October 26, 2022
The Farm Babe, along with a group of food writers and social media influencers, travelled across south Georgia in late September at the invitation of the Georgia Peanut Commission. They were here to witness the peanut harvest and to learn more about peanuts.
Visiting the University of Georgia Tifton, Ga., Campus, they saw how the peanut industry and farmers invest in research to develop higher-yielding, disease- and nematode-resistant varieties and advanced technologies to improved irrigation strategies and further refinement in protection against diseases, weeds, and insects.
Using her social media presence, which includes nearly 20,000 followers on Twitter and 20,000 more on Instagram, Michelle Miller, the Farm Babe, is outspoken in her support of American farmers. Being outspoken is in contrast to many farmers I know, men and women who are guarded in their words, preferring to let their success in growing crops speak for them.
I often pity news reporters as they hustle to find a farmer willing to be interviewed and to appear on camera. Most farmers I know immediately shy away from such opportunities. Said one of my closest friends in the farming community, “Bob, you know I will do anything for you. You know I will. But just don’t ask me to speak in front of a camera.” But as Michelle Miller knows, American agriculture NEEDS the American public to HEAR from the American farmer.
I recently read an article titled “Public Attitudes about Farmers and Farming: a Golden Opportunity.” The author notes that while most Americans (88% in one poll) trust farmers, only 20% have a “high trust” in modern agriculture and 50% only “somewhat” trust it.
The key takeaway from this article was agriculture needs farmers, who are among the most trusted citizens in our country, to tell the story of agriculture and explain how production practices align with societal values.
Farmers may not fully perceive the power of their voices to counter the misinformation spread by the misguided social media. Battling every day to grow a crop, growers may struggle to understand how the problems they face in feeding the country are so poorly understood and appreciated by the public at large.
Agriculture is scrutinized for its role in climate change, stress on water resources, planting of GMO crops, nutrient run-off, use of pesticides and the list goes on. These are important issues, but what seems to be missing from the debates and discussions is the voice of the men and women whose labor feeds and clothes this nation and this world.

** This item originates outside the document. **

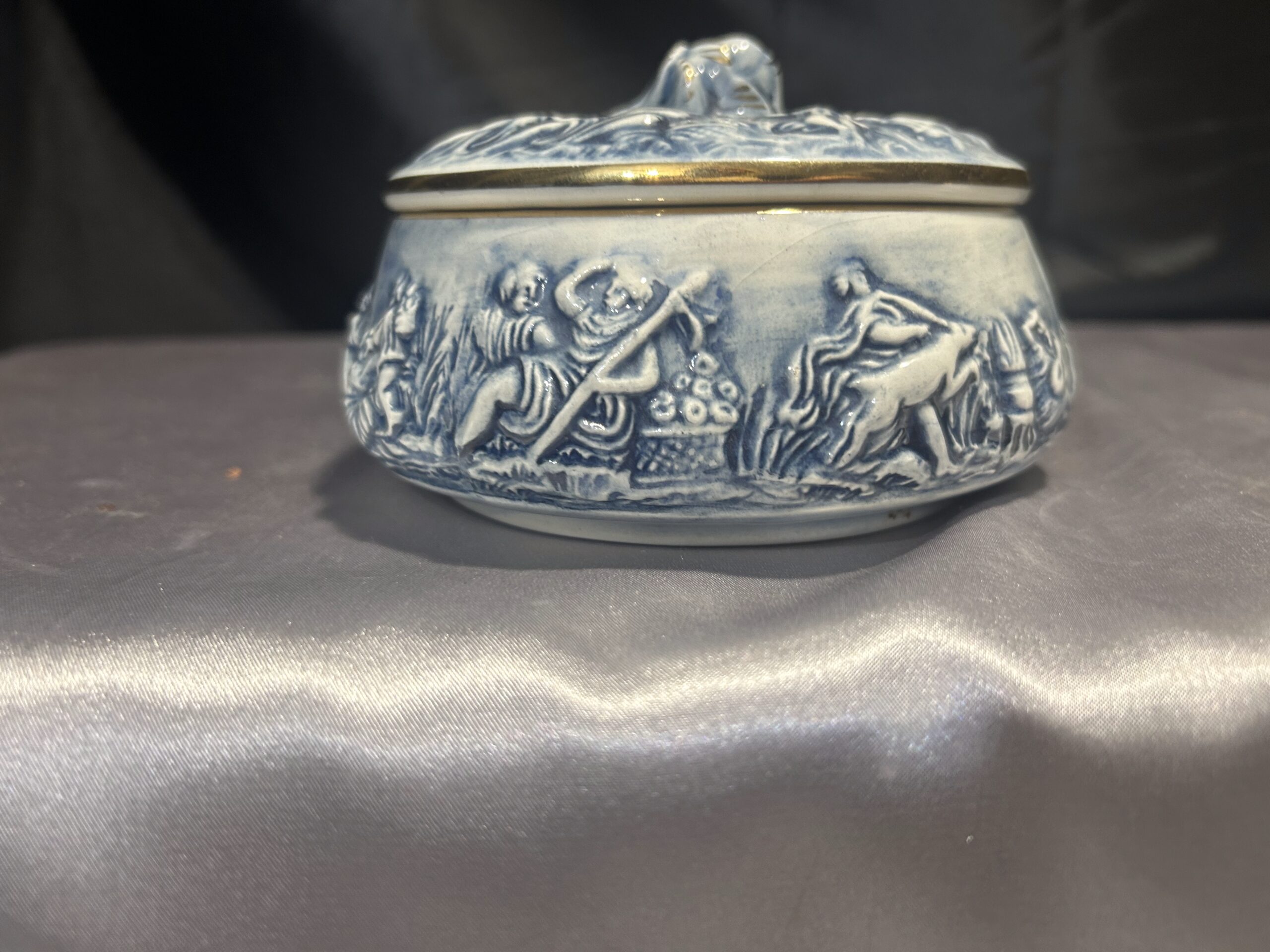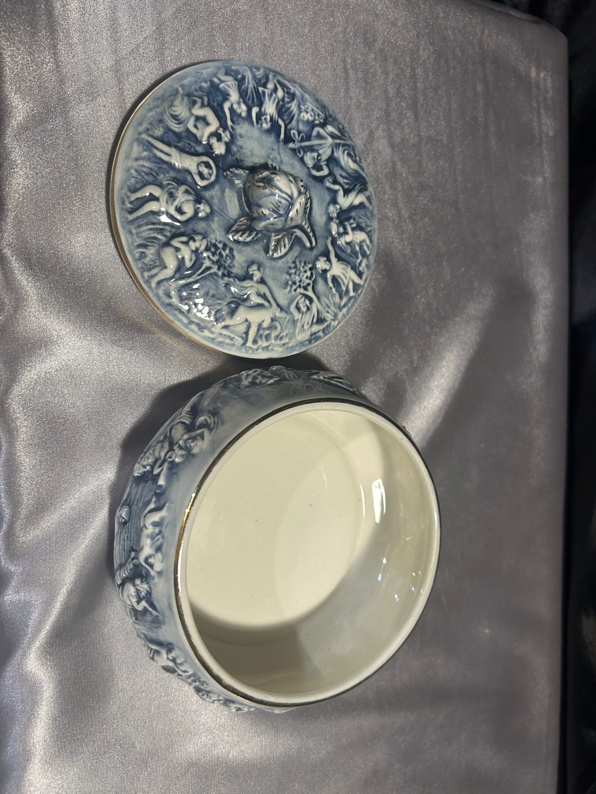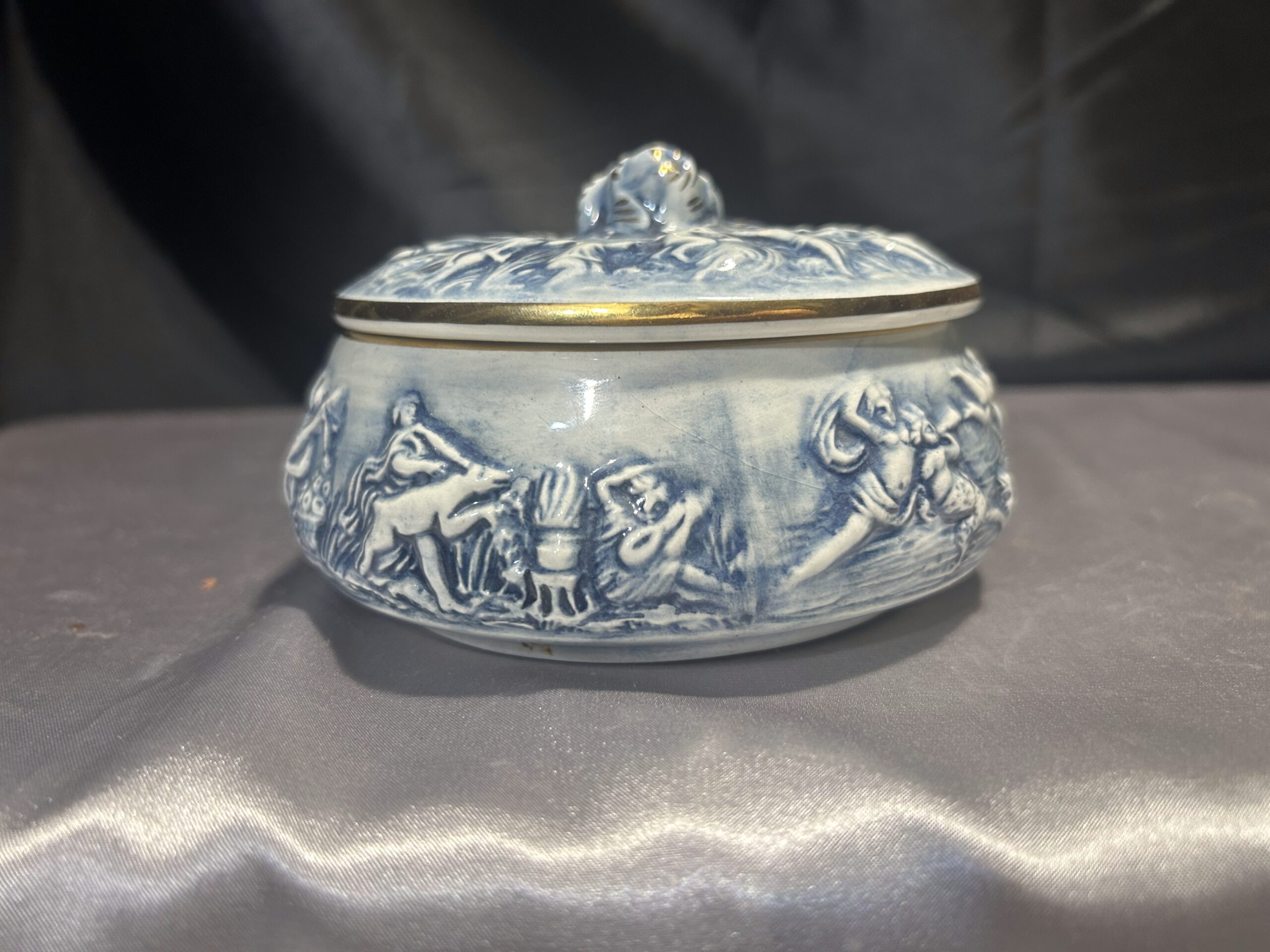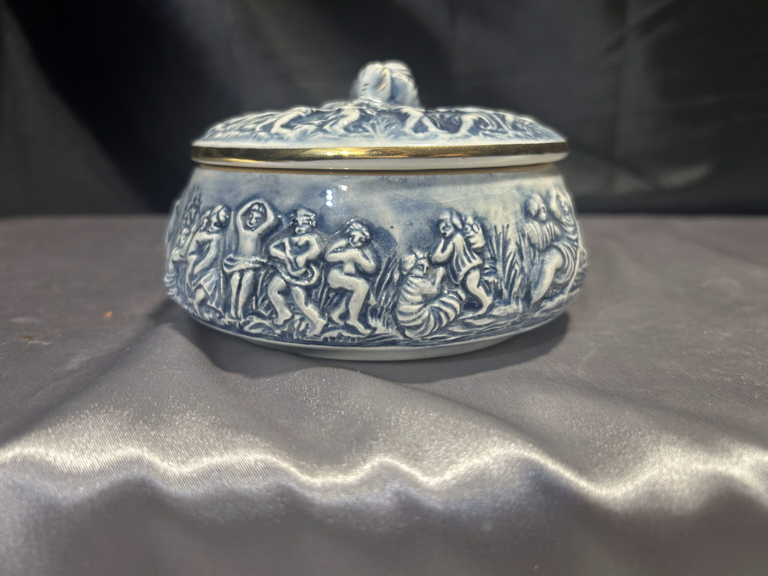 Wyjątkowa porcelanowa szkatułka o delikatnym niebieskim odcieniu, zdobiona tłoczonymi postaciami oraz piękną różą na szczycie pokrywki. Całość uzupełniają złote obwódki, dodające jej elegancji i luksusowego charakteru. Sygnowana R. CAPODIMONTE ITALY M.A.S., co potwierdza jej unikatowość i wartość kolekcjonerską. Zamykana, idealna do przechowywania drobiazgów lub jako element dekoracyjny.

On Aug. 18, 2021 the EPA announced the insecticide chlorpyrifos would be banned from use on food crops in the United States. This followed a decision reached two years earlier by the US 9th Circuit Court of Appeals ruling requiring the EPA ban chlorpyrifos. When asked about this, Dr. Mark Abney, UGA Entomologist, replied, “For peanut growers in Georgia who are at high risk for rootworm or who have a history of burrower bug infestation, the loss of chlorpyrifos is very important. The economic impact of this decision is extremely difficult to quantify because the insects and the fruit are underground. For that reason, putting a dollar figure on the loss of chlorpyrifos is difficult. If, God forbid, we have an abundance of Seg 2 peanuts because of burrower bug feeding injury, we will easily be able to quantify that.”
On Aug. 30, 2022, it was announced Rep. Nydia Velazquez (D-NY, 57th District Brooklyn, Lower Manhattan, Queens) had introduced “The Ban all Neurotoxic Organophosphates from Our Food Act.” In the press release, Rep. Velazquez was quoted as saying, “The science has been clear for decades: this type of pesticides is a dangerous neurological threat to farmworkers and our children.”
Products that could be included in the ban are Folex, a cotton defoliant, and Thimet, a product important for the management of tomato spotted will in peanut. No one, least of all farmers, wants to see ANYONE harmed from the use of agricultural products. However, as one who has devoted my career to the judicious AND safe use of chemicals in agriculture, I vehemently disagree with political legislation as THE process to determine which products can be used by farmers and which cannot.
As long as the American public has easy access to food and has never known real hunger, it will be difficult to focus attention on the problems faced by American farmers. It continues to be increasingly important that it is not just the Food Babe’s voice, or Bob’s voice, but also the trusted voices of farmers that are heard in Washington and across this country to protect agriculture that feeds and clothes the world.
Kemerait is the agronomic plant pathologist for the University of Georgia Extension and contributes monthly to Southeast Farm Press.